Ella se excusó rápidamente. Wallander oyó que alguien entraba en su despacho y decía algo. Pensó que Björk nunca le hubiera preguntado cómo le había ido el viaje. Ella volvió al auricular.
—He estado unos días en Estocolmo. Y el viaje tuvo poco de divertido.
—¿Qué es lo que se les ha ocurrido ahora?
—Me refiero al
Estonia
. A todos los policías que murieron.
Wallander guardó silencio. Se le debía haber ocurrido a él.
—Podrás imaginarte el ambiente que se respiraba —continuó ella—. ¿Cómo íbamos a estar allí sentados discutiendo problemas de coordinación entre la jefatura Nacional y los diferentes distritos de la policía del país?
—Ante la muerte estamos tan indefensos como los demás —dijo Wallander—. Aunque quizá no debiera ser así. Hemos visto tanto… Nos parece que estamos acostumbrados. Pero no lo estamos.
—Se hunde un transbordador una noche tormentosa y de pronto la muerte vuelve a hacerse visible en Suecia. Después de haberla escondido y negado todo lo posible.
—Seguramente tienes razón. Aunque no lo he pensado.
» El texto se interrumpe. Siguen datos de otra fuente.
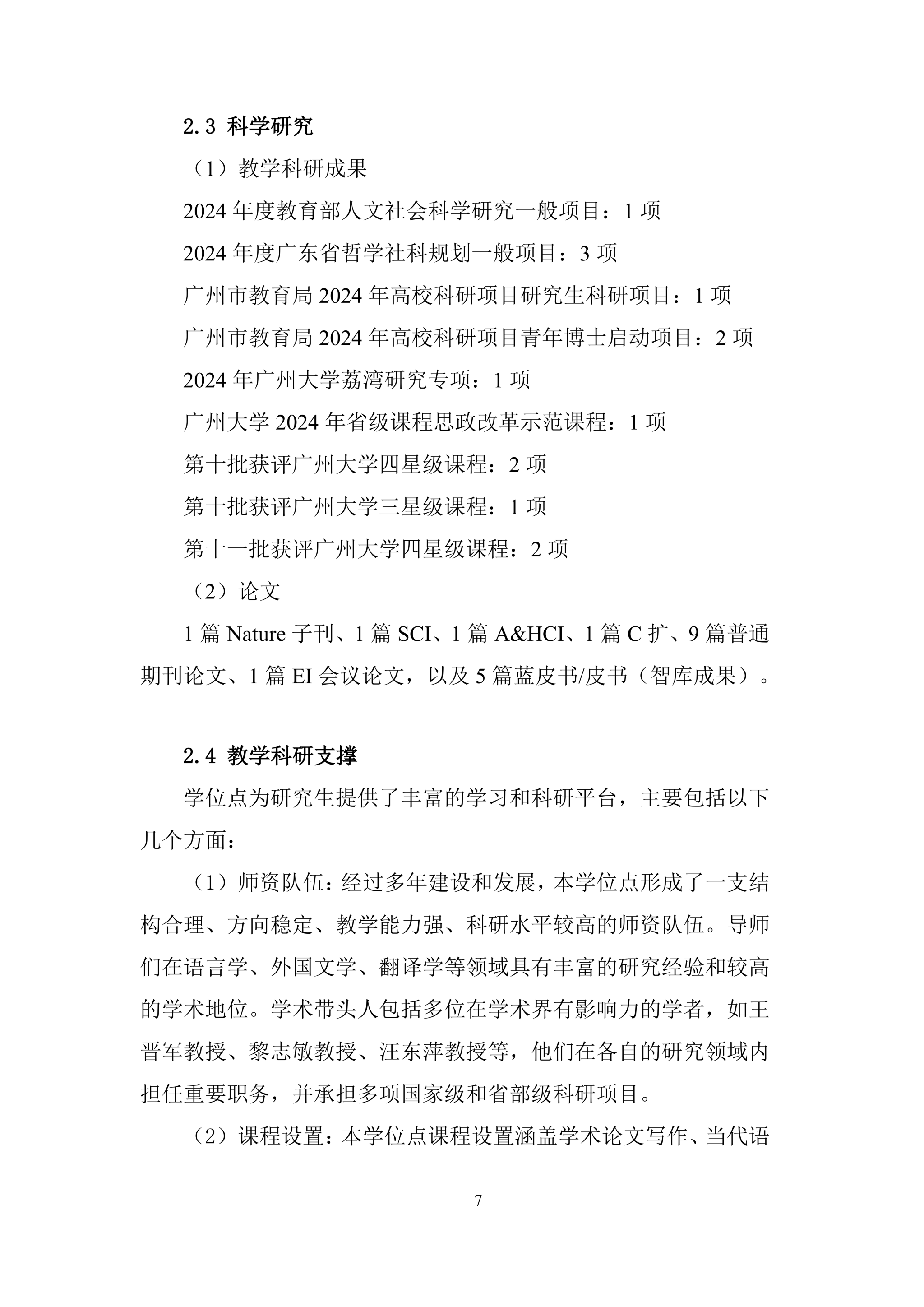 学术学位授权点建设年度报告提纲(2024)-外国语言文学

La oyó aclararse la garganta por el teléfono. Al cabo de unos segundos volvió a hablar.
—Discutimos problemas de cooperación —dijo—. Y la eterna cuestión de las prioridades.
—Yo pienso que tenemos que detener delincuentes —dijo Wallander—. Y llevarlos a los tribunales y ocuparnos de aportar las pruebas suficientes para que sean condenados.
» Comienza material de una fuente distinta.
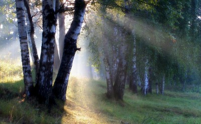 Morning in birch forest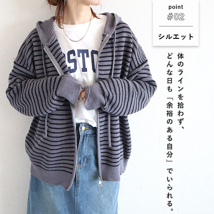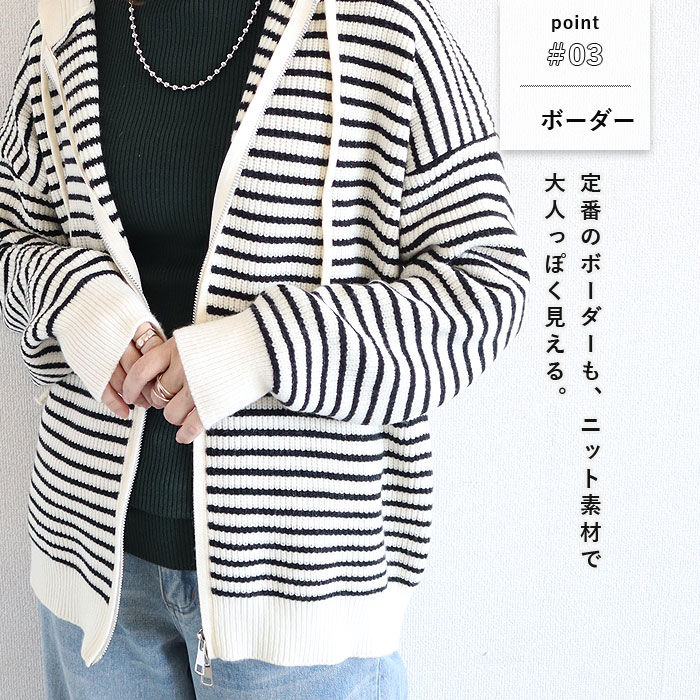 1743円 3点購入クーポンで! ジップ パーカー トップス レディース ジップアップ ダブルジップ ニット 秋 冬 白 黒 おしゃれ 長袖 ボーダー アウター ^t1129^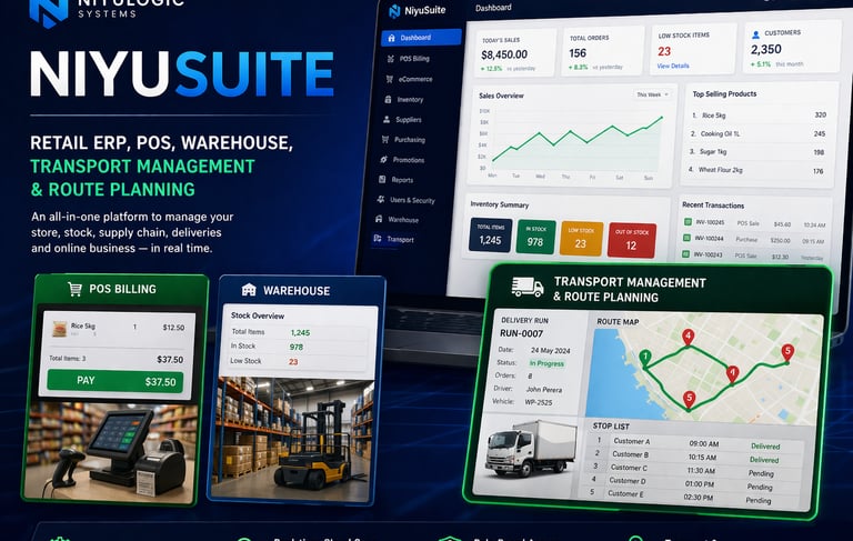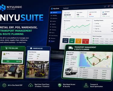 NiyuSuite is a premium, enterprise-grade retail ERP platform that unifies POS, inventory, warehousing, transport management, and route planning into one intelligent system. Designed to streamline retail operations at scale, it delivers connected commerce, stronger operational control, faster workflows, and smarter delivery execution. From checkout to final delivery, NiyuSuite helps businesses transform their operations, improve visibility across sales and stock, and drive growth with a single powerful platform built for speed, efficiency, and profitability.

—Si fuera así de fácil… —suspiró ella.
—Me alegro de no ser jefe.
—Yo también me pregunto a veces… —dijo y dejó la continuación en el aire. Wallander creyó que iba a dar por terminada la conversación, pero volvió a hablar.
—Prometí que irías a la Academia de Policía a primeros de diciembre. Quieren que des una conferencia sobre la investigación que hicimos aquí el verano pasado. Si no me equivoco, lo han pedido los propios alumnos.
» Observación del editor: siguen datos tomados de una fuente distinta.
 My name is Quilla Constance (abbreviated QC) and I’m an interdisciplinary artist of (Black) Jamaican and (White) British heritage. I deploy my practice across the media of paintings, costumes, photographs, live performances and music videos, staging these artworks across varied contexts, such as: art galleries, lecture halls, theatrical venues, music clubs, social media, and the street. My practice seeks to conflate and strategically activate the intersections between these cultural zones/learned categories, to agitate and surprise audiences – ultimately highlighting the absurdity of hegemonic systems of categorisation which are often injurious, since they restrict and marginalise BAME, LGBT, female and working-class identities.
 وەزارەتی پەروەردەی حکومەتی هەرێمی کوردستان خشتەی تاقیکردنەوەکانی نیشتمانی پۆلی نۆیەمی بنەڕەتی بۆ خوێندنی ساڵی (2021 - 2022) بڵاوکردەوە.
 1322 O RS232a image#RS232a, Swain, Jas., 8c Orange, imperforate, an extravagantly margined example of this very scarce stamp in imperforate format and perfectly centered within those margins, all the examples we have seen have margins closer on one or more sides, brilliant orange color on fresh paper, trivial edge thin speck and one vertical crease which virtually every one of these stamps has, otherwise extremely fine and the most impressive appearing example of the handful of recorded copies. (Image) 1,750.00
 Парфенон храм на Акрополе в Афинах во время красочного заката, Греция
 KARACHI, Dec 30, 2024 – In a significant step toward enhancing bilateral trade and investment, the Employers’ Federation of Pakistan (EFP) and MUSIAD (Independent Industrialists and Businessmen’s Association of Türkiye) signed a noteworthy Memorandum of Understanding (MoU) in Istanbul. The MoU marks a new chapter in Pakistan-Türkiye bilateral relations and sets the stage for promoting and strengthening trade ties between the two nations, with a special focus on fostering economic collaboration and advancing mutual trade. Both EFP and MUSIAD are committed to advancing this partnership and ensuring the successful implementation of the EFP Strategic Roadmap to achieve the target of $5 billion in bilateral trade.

Wallander se quedó horrorizado.
—No puedo. Yo no soy capaz de estar delante de un grupo de personas haciendo como que enseño algo. Que lo haga otro. A Martinsson se le da bien hablar. Estuvo a punto de dedicarse a la política en una ocasión.
—Prometí que irías tú —dijo ella riéndose—. Seguro que saldrá bien.
—Me daré de baja por enfermedad —contestó Wallander.
—Falta mucho aún hasta diciembre. Ya hablaremos de ello más adelante. En realidad, lo que quería es saber qué tal había salido el viaje. Ya veo que salió muy bien.
—Y aquí todo está tranquilo —respondió Wallander—. Sólo tenemos una desaparición. Pero se han ocupado de ella otros.
—¿Una desaparición?
Wallander informó brevemente de su conversación con Sven Tyrén y de la preocupación porque Holger Eriksson no estaba en casa cuando le llevó el fuel.
—¿Con cuánta frecuencia ocurre algo verdaderamente serio? —preguntó ella después—. Cuando desaparece alguien. ¿Qué dicen las estadísticas?
—Lo que dicen, no lo sé —contestó Wallander—. Pero sé en cambio que muy raras veces ha ocurrido un crimen o una desgracia. Cuando se trata de personas viejas y seniles, lo más probable es que se hayan perdido. Cuando se trata de jóvenes, lo que hay detrás es, sobre todo, rebeldía ante los padres o ganas de aventura. Muy raras veces ocurre algo serio.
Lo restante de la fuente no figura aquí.